[Home]

Summary:ASTERISK-29604: ari: Segfault with lots of calls
Reporter:Danila Evgrafov (EvgrDan)Labels:
Date Opened:2021-08-18 04:37:06Date Closed:2023-01-30 08:26:20.000-0600
Priority:MajorRegression?No
Status:Closed/CompleteComponents:Applications/app_stasis Channels/chan_sip/General
Versions:16.18.0 16.20.0 18.6.0 Frequency of
Occurrence
Frequent
Related
Issues:
is duplicated byASTERISK-30383 Asterisk crashes on snoop channel handle
Environment:Asterisk version: 16.20.0 OS: Ubuntu 16.04 LTS Hardware: 4 core CPU, 8Gb RAM, Digital ocean VPSAttachments:( 0) core-brief.txt
( 1) core-brief-2.txt
( 2) core-brief-3.txt
( 3) core-brief-5.txt
( 4) core-brief-6.txt
( 5) core-full.txt
( 6) core-full-2.txt
( 7) core-full-3.txt
( 8) core-full-5.txt
( 9) core-full-6.txt
(10) core-info.txt
(11) core-info-2.txt
(12) core-info-3.txt
(13) core-info-5.txt
(14) core-info-6.txt
(15) core-locks.txt
(16) core-locks-2.txt
(17) core-locks-3.txt
(18) core-locks-5.txt
(19) core-locks-6.txt
(20) core-thread1.txt
(21) core-thread1-2.txt
(22) core-thread1-3.txt
(23) core-thread1-5.txt
(24) core-thread1-6.txt
(25) debug_log_29604_5.txt
(26) debug_log_29604_6.txt
(27) debug_log_29604.txt
Description:Asterisk randomly crush when processing multiple calls on stasis app.
I noticed that crushes occures more often when processing playbacks with long audio. But i am not sure if there is some relation.
My ARI app creating outgoing calls. Crush seems to occure when many calls are answered at the same time and start playbacks. I don't know exact count of simultaneous calls, sometimes problem happens on 40 calls, sometimes on 100.

Protocol: SIP
Audio format: gsm

Syslog:
kernel: [1998361.116212] asterisk[18177]: segfault at 15c ip 0000000000511aef sp 00007fc593c1d480 error 4 in asterisk[400000+326000]

When call answered:
1) app creates bridge1 and append called channel to it
2) app starts recording on bridge1
3) app creates bridge2
2) app creates snoop channel from called channel
3) app creates external media channel
4) app appends snoop and media channels to bridge2
5) app starts playback on bridge1
Comments:By: Asterisk Team (asteriskteam) 2021-08-18 04:37:09.956-0500

Thanks for creating a report! The issue has entered the triage process. That means the issue will wait in this status until a Bug Marshal has an opportunity to review the issue. Once the issue has been reviewed you will receive comments regarding the next steps towards resolution. Please note that log messages and other files should not be sent to the Sangoma Asterisk Team unless explicitly asked for. All files should be placed on this issue in a sanitized fashion as needed.
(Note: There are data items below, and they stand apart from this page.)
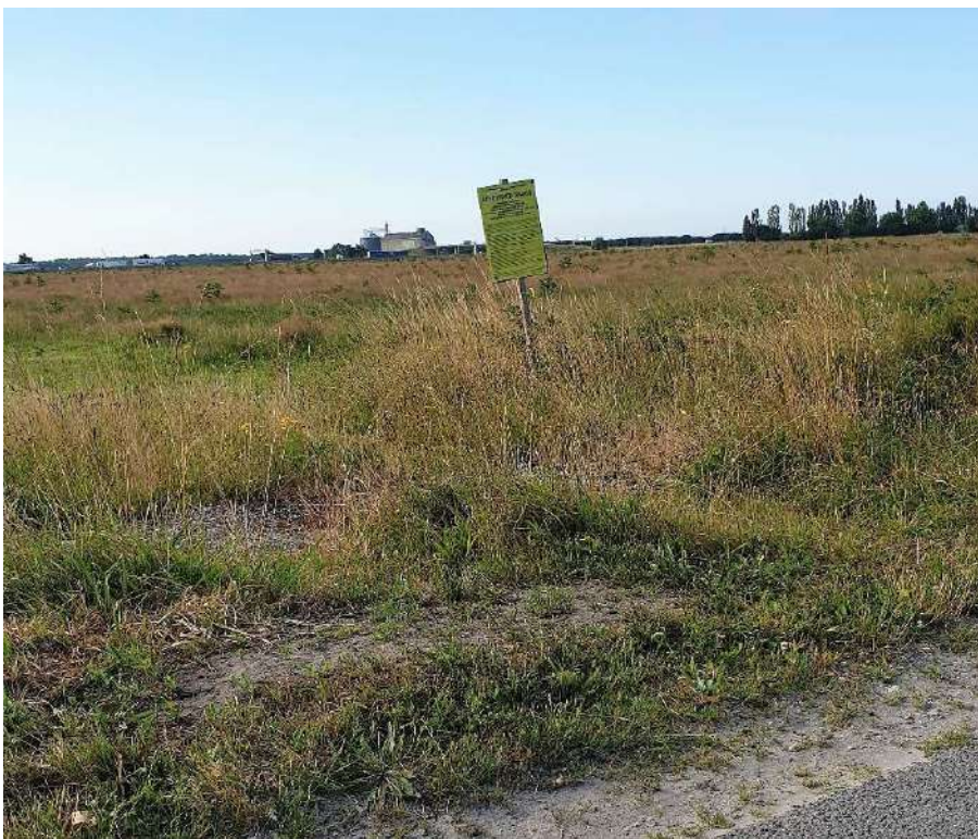
Site du projet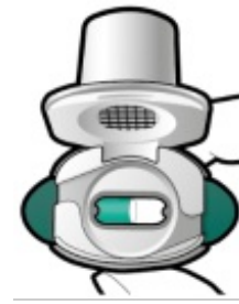
Kontrolle, ob die Kapsel entleert ist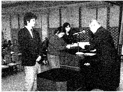
青少年健全育成標語入賞者表彰

この中から厳正な審査を行い、標語では優秀作品四点、佳作八点が、また作文では市長賞ほか入選作品一五点が選ばれ、十一月五日の「都留市青少年健全育成推進大会」で表彰されました。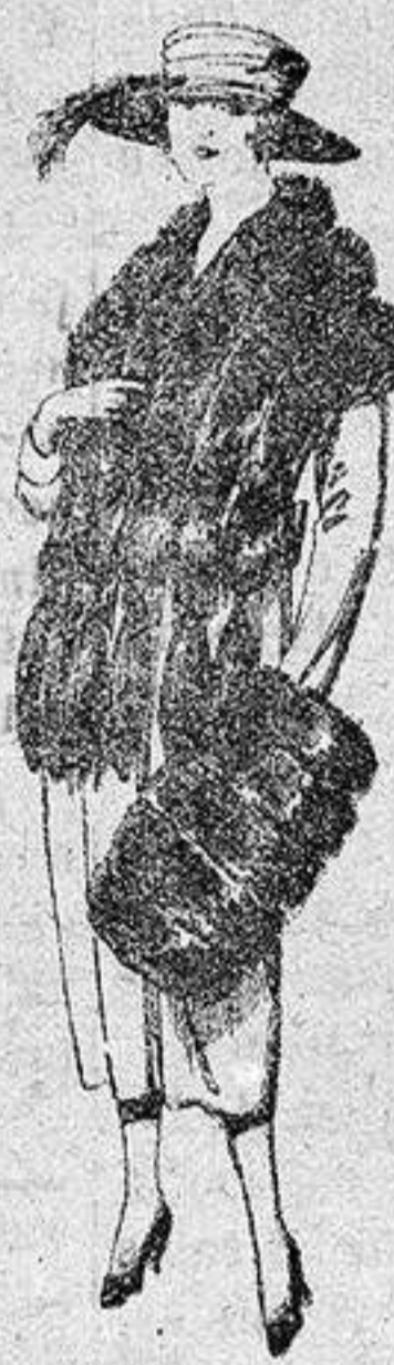
Juego de pieles, imitación "Colombia", negro de pesetas 40 a 100.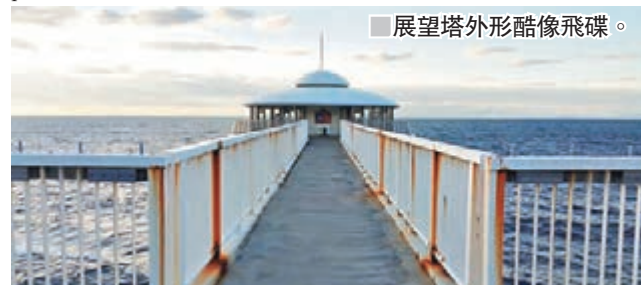
展望塔外形酷像飛碟。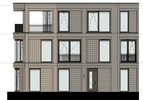
gevel 3.2 1 : 200

▽ +15400 05 vijfde verdieping ▽ +12320 04 vierde verdieping ▽ +9240 03 derde verdieping ▽ +6160 02 tweede verdieping ▽ +3080 01 eerste verdieping ▽ Peil=0 00 begane grond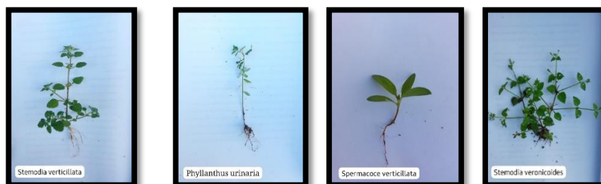
Stemodia verticillata Phyllanthus urinaria Spermacorcoecymoides Sternodia veronicoides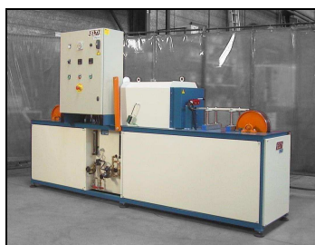
Four à tapis modèle EASYGOLD 331

Conveyor belt furnace model EASYGOLD 331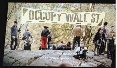
dans le cadre de notre assemblée générale.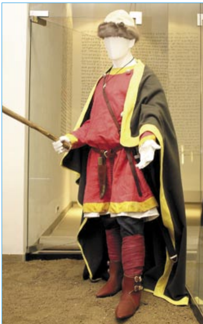
Kníže Mojslav, imaginární průvodce expozic v Památníku Velké Moravy.

kde je mezi námi skutečně a reálně stále přítomný jejich významný odkaz. Oni budovali věci mnohdy desetiletí s přesvědčením a vizí do budoucna, aby se vše jednou projevilo v životě jejich vnuků a pravnuků. To pak přinášelo své jedinečné plody v životě a rozvoji našeho města. Važme si lidí, kteří chtějí něčím přispět k dobru nás všech. A to nejen v roce, kdy si připomínáme 1.150 výročí příchodu bratří sv. Cyrila a Metoděje k nám na Moravu.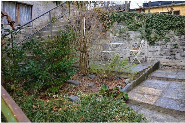
Garten - Terrasse / giardino – terrazza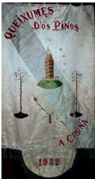
Bandeira galega no estandarte de 1922 do coro Queixumes dos Pinos da Coruña, que inclúe tamén a fouce das Irmandades da Fala. Desaparecido o coro, hoxe consérvase na Coral Follas Novas da Coruña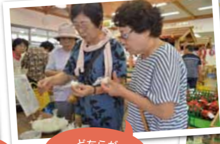
お母さんと来ました

A good first step is for you to review the [Asterisk Issue Guidelines|https://wiki.asterisk.org/wiki/display/AST/Asterisk+Issue+Guidelines] if you haven't already. The guidelines detail what is expected from an Asterisk issue report.
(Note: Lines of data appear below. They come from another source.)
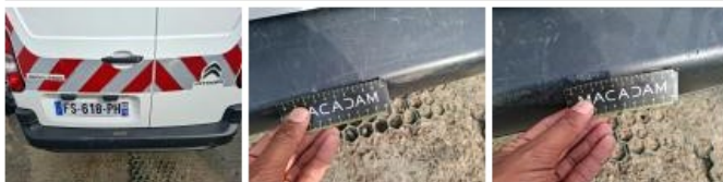
Carrosserie, Pas d'origine, Acceptable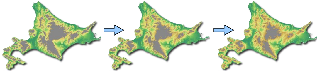
적설깊이 분포의 경년변화 추정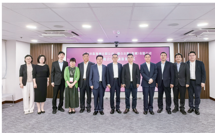
书展期间，联合出版集团与北京出版集团、中国新闻出版传媒集团等多个内地出版传媒集团签订战略合作协议，图为联合出版集团与北京出版集团签约仪式。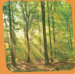
Entdeckungsreise im Wald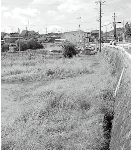
民間保育園の移転建設予定地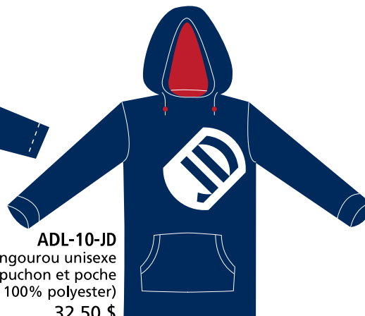
ADL-10-JD Kangourou unisexe capuchon et poche (tissu 100% polyester) 32,50 $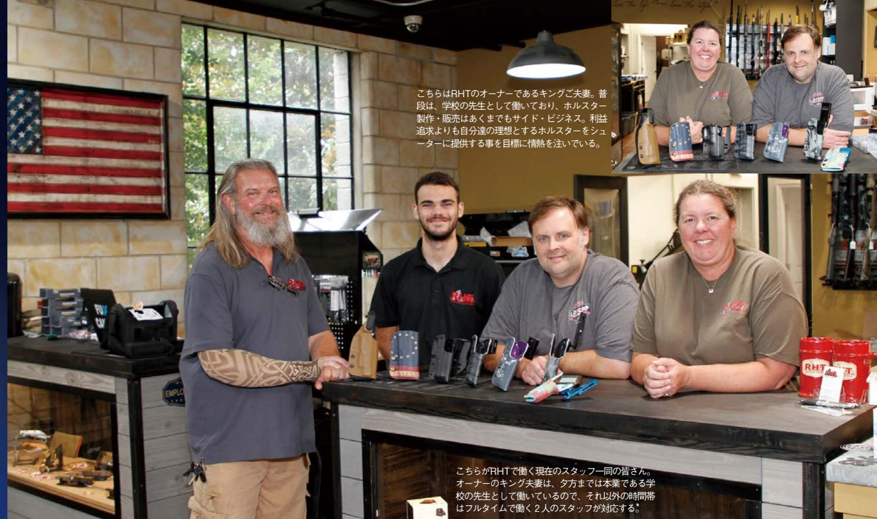
こちらはRHTのオーナーであるキングご夫妻。普段は、学校の先生として働いており、ホルスター製作・販売はあくまでもサイド・ビジネス。利益追求よりも自分達の理想とするホルスターをシューターに提供する事を目標に情熱を注いでいる。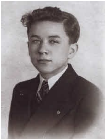
Конон Молодой. США, 1938 г.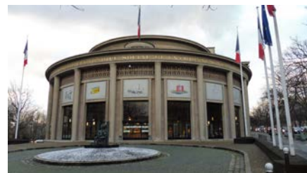
La rotonde du Palais d'Iéna-1937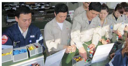
员工正在接受专业技能训练

大连生产基地的员工来自祖国各地，住是一个大问题。大连生产基地为员工提供可容纳5000人的宿舍，还有物美价廉的一日三餐，一个月的生活成本比较低。从2012年开始，大连生产基地还为员工宿舍换装了带有冷暖功能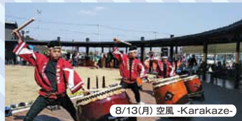
8/13(月) 空風 -Karakaze-

Then, if you are submitting a patch, please review the [Patch Contribution Process|https://wiki.asterisk.org/wiki/display/AST/Patch+Contribution+Process].
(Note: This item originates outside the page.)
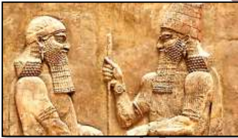
حضارة بلاد العراق القديم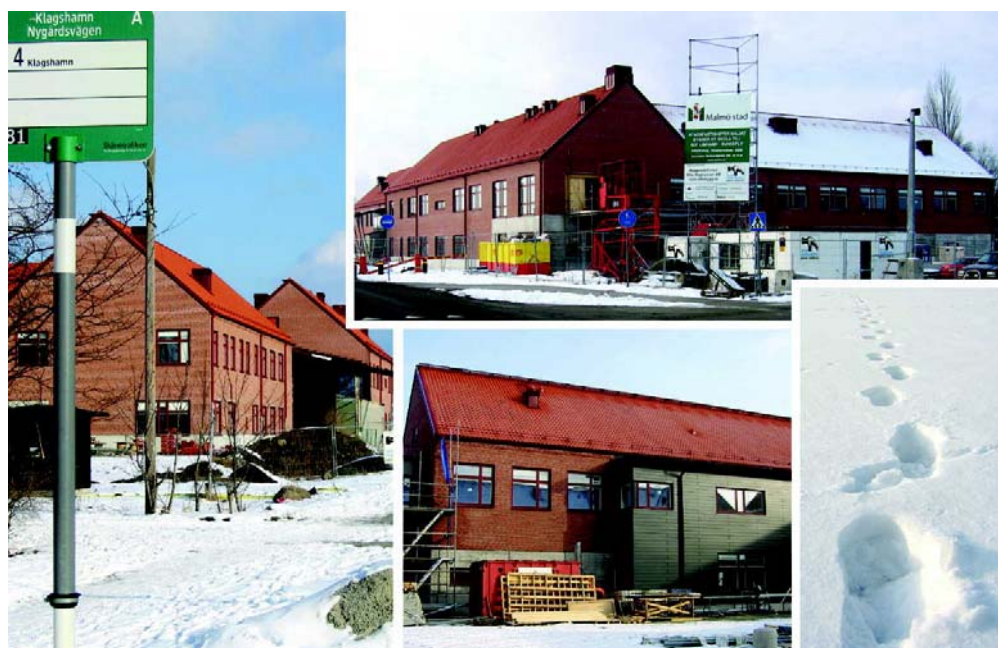
Strandskolan i Klagshamn.

Upprättad Datum: Version: Ansvarig: Förvaltning: Enhet: 2008-02-14

Please note that once your issue enters an open state it has been accepted. As Asterisk is an open source project there is no guarantee or timeframe on when your issue will be looked into. If you need expedient resolution you will need to find and pay a suitable developer. Asking for an update on your issue will not yield any progress on it and will not result in a response. All updates are posted to the issue when they occur.

Please note that by submitting data, code, or documentation to Sangoma through JIRA, you accept the Terms of Use present at [https://www.asterisk.org/terms-of-use/|https://www.asterisk.org/terms-of-use/].

By: Joshua C. Colp (jcolp) 2021-08-18 04:40:50.620-0500

You've marked this as a regression. Did this previously work in an older version and now is not? If so, what version?

Can you explain your exact usage of ARI? You've mentioned creating outgoing calls, but the crash is actually in Snoop channels.

By: Danila Evgrafov (EvgrDan) 2021-08-18 04:54:29.224-0500

Sorry, regression is a mistake.
When call answered:
1) app creates bridge1 and append called channel to it
2) app starts recording on bridge1
3) app creates bridge2
2) app creates snoop channel from called channel
3) app creates external media channel
4) app appends snoop and media channels to bridge2
5) app starts playback on bridge1

By: Joshua C. Colp (jcolp) 2021-08-18 05:12:49.740-0500

We require additional debug to continue with triage of your issue. Please follow the instructions on the wiki [1] for how to collect debugging information from Asterisk. For expediency, where possible, attach the debug with a '.txt' file extension so that the debug will be usable for further analysis.

Thanks!

[1] https://wiki.asterisk.org/wiki/display/AST/Collecting+Debug+Information



By: Danila Evgrafov (EvgrDan) 2021-08-18 05:37:53.916-0500

Ok, sure. I attached debug log file to the issue https://issues.asterisk.org/jira/secure/attachment/60715/debug_log_29604.txt

By: Joshua C. Colp (jcolp) 2021-08-18 06:12:16.419-0500

The information at the end of the debug log shows chan_sip retransmissions and destructions. Have you tried using chan_pjsip as a way to eliminate chan_sip as a possible cause of memory corruption?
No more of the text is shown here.